The other important thing to know about the PPC bidding strategy is the bidding strategy’s functionality. The pros and cons are also playing a vital role in bidding.
Once you get familiar with these three points, you can use a bidding strategy according to your need.
Bidding Strategies are Divided Into Three Prominent Families:
The first one is smart bidding which is a conversion-based strategy; the second is Auto bidding and is a function-based strategy, and the last one is manual that is human-based.

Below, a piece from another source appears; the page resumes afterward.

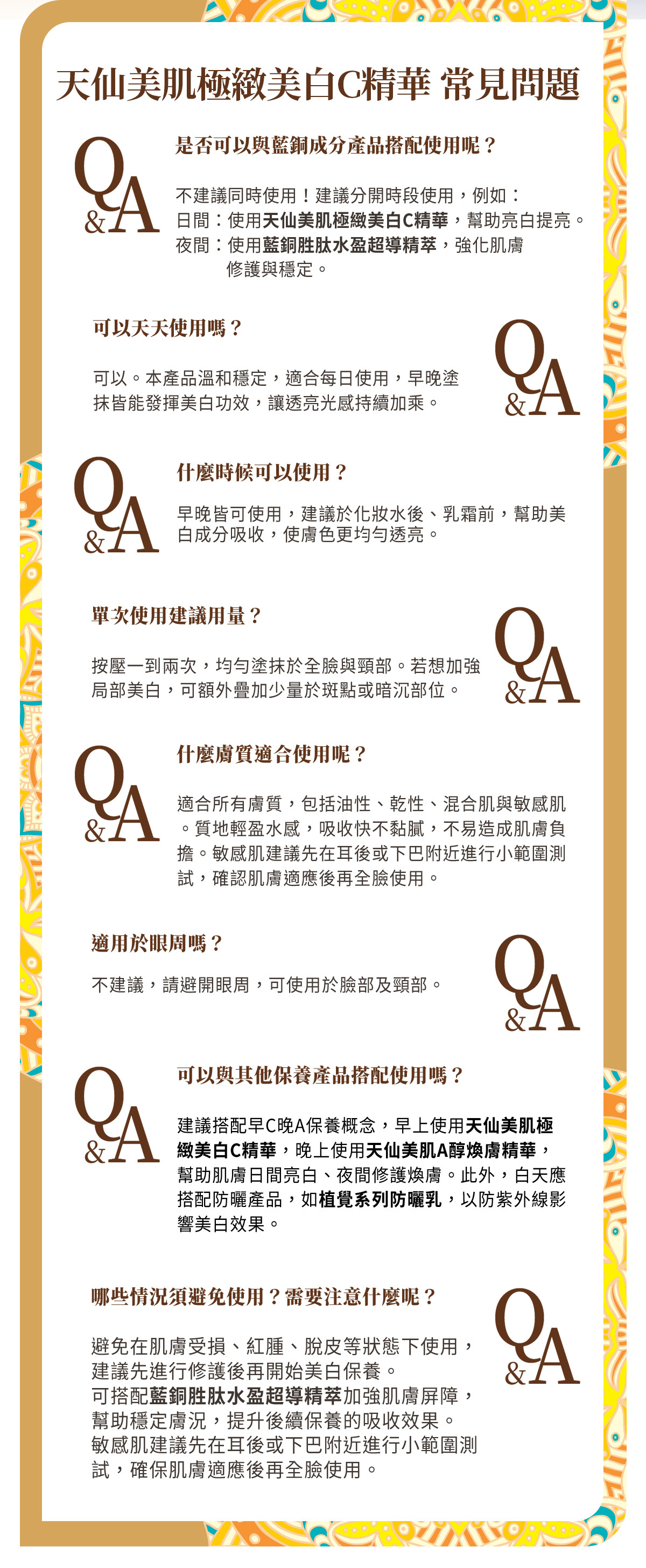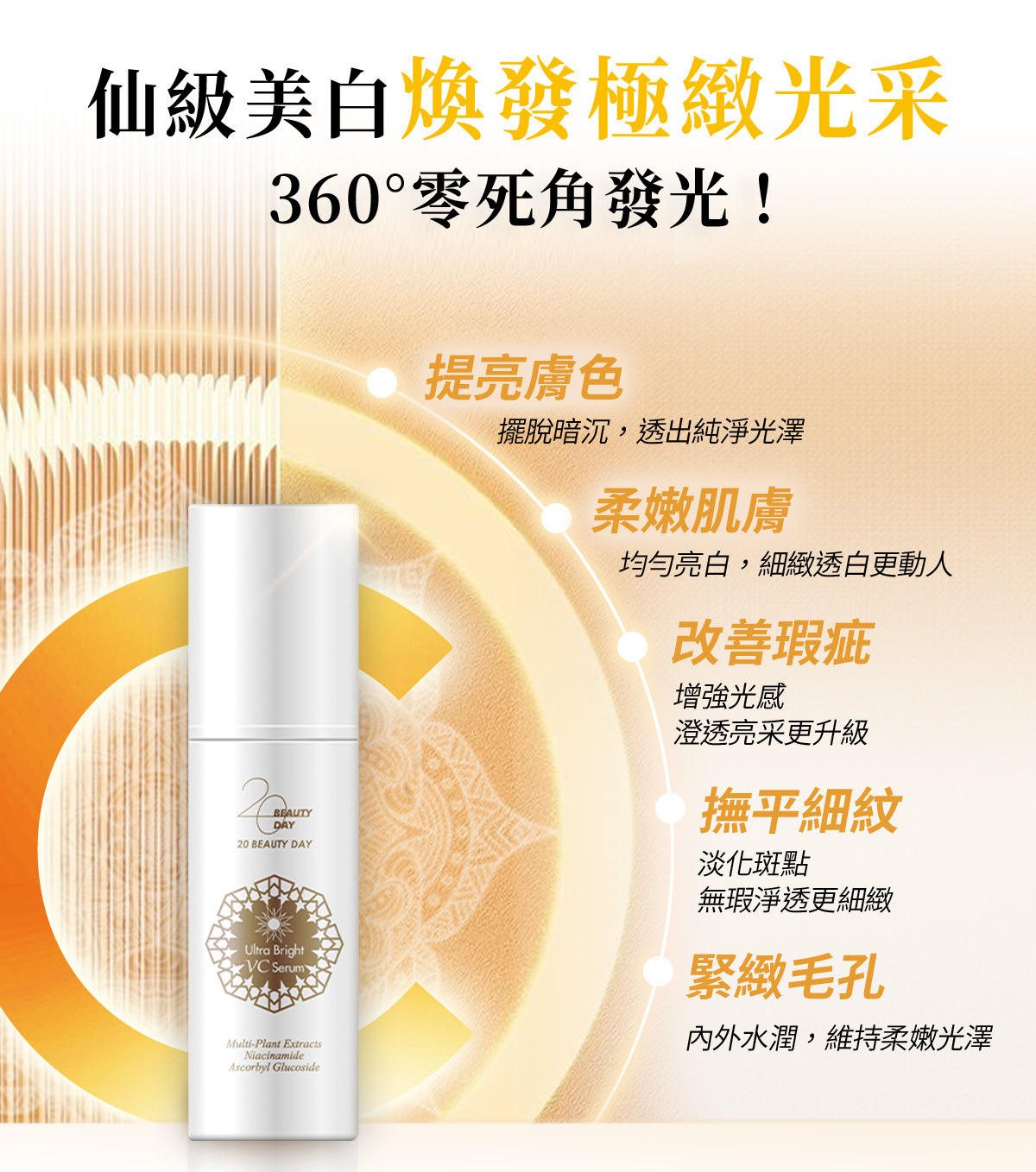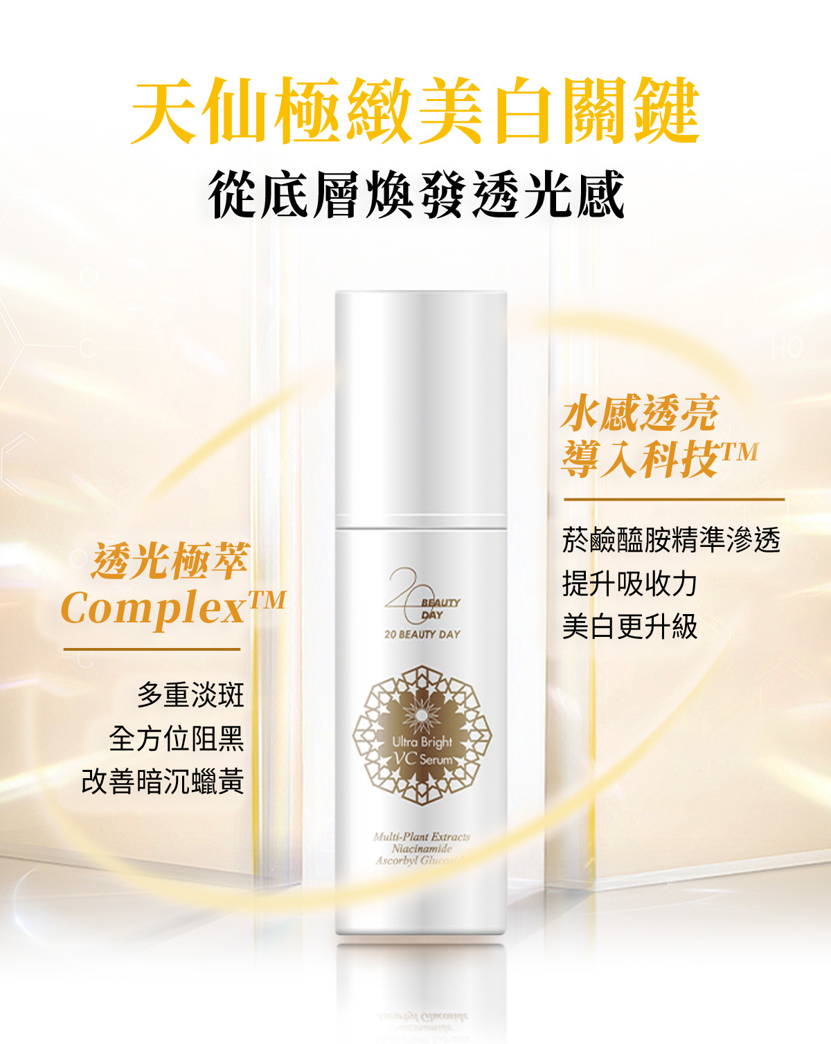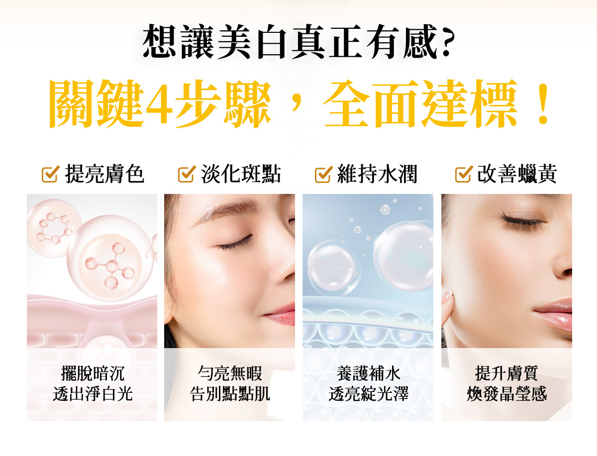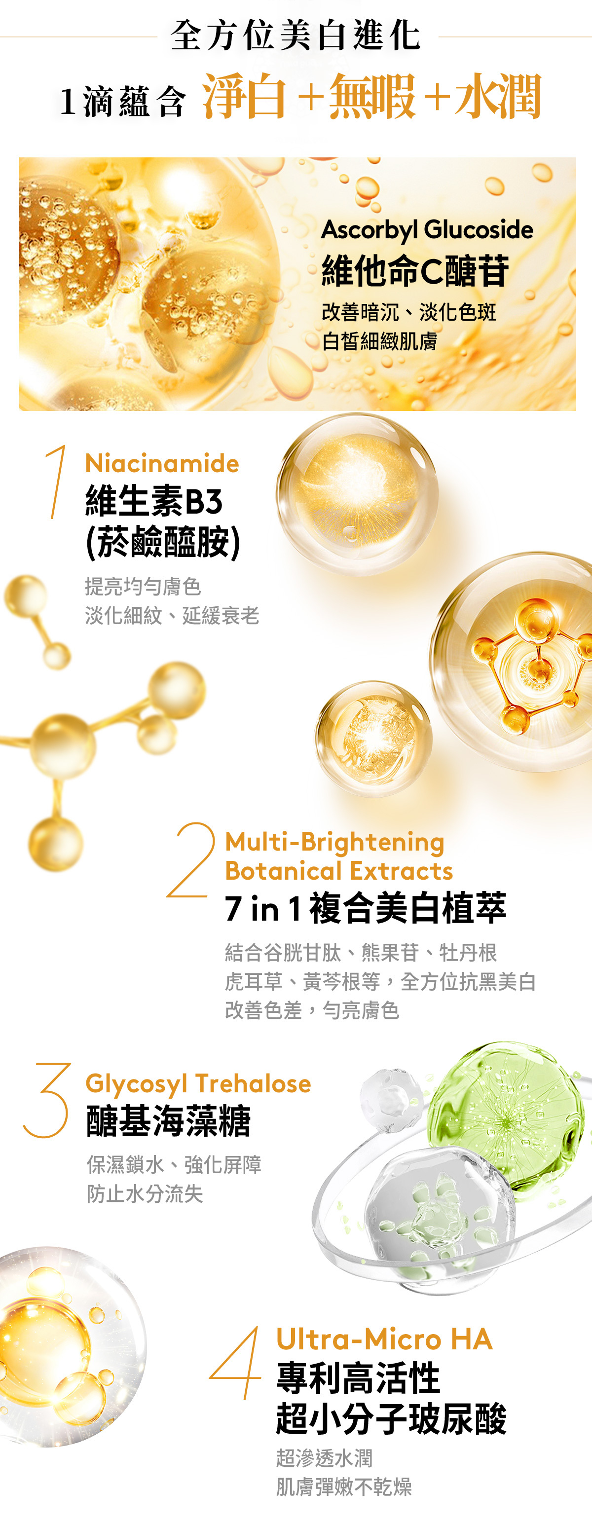 採用透光極萃Complex™,結合高濃度維他命C醣苷與7 in 1複合美白植萃,深入肌底釋放透亮能量,有效改善暗沉,使膚色勻淨透亮;以菸鹼醯胺搭載水感透亮導入科技™,使亮白能量更易吸收,讓肌膚散發自然光澤,綻放勻淨亮白的剔透美肌。

Let us now analyze each bidding strategy and list its positive and negative effects.
Portfolio Biding Strategy
A portfolio bid is an automated PPC bidding strategy that can help you optimize bid across multiple campaigns. As a result, you can reach your goals and change your bidding strategies for all your campaigns in a single place. With the portfolio bid tool, you can save your precious time in planning other vital strategies.
Here are some of the important functions of portfolio bid strategy:
- The most important role of a portfolio bid is to maximize clicks on your website according to your set budget.
- You can add the target CPA rule in the portfolio bid strategy that gives you more control over your automated bidding.
- You can target return on ad spend(ROAS), as it helps you to receive high conversion value.
Pros of Portfolio Bidding Strategy
- The comprehensive reporting for all campaigns sharing the portfolio bid strategy is convenient and efficient from all these strategies.
- This strategy also allows you to set a maximum cost per click.
Cons of Portfolio Bidding Strategies
- Maximize conversions and maximize conversion value bid strategies are barely performing in campaigns.
- You can not set a maximum cost per click limit with these new strategies.
The target cost-per-action strategy is suitable for a legacy campaign, but it is not useful for exploring new services or fresh accounts.
The Target CPA approach allows google Ads to use the set daily budget that automatically sets bids while driving as many conversations as possible at the requested CPA. Some conversions as possible at the requested CPA. Some modifications may cost more or less than your target.
Pros of Target CPA
- Target CPA can be set at either the campaign or portfolio level, which means there will be no individual types of keyword bidding strategy for you to adjust.
- Minimum 60 days of conversion tracking and campaign running are recommended to hit the CPA.
- Minimum 15 conversions are suggested for the learning phase.
- Google no longer requires a set number of conversions in 30 days to run.
Cons of Target CPA
- The volume will get impacted as the ad network passes up potential prospects to bring you conversion at your requested CPA.
- It takes time for your campaign to learn before the automated binding, not for under-bid.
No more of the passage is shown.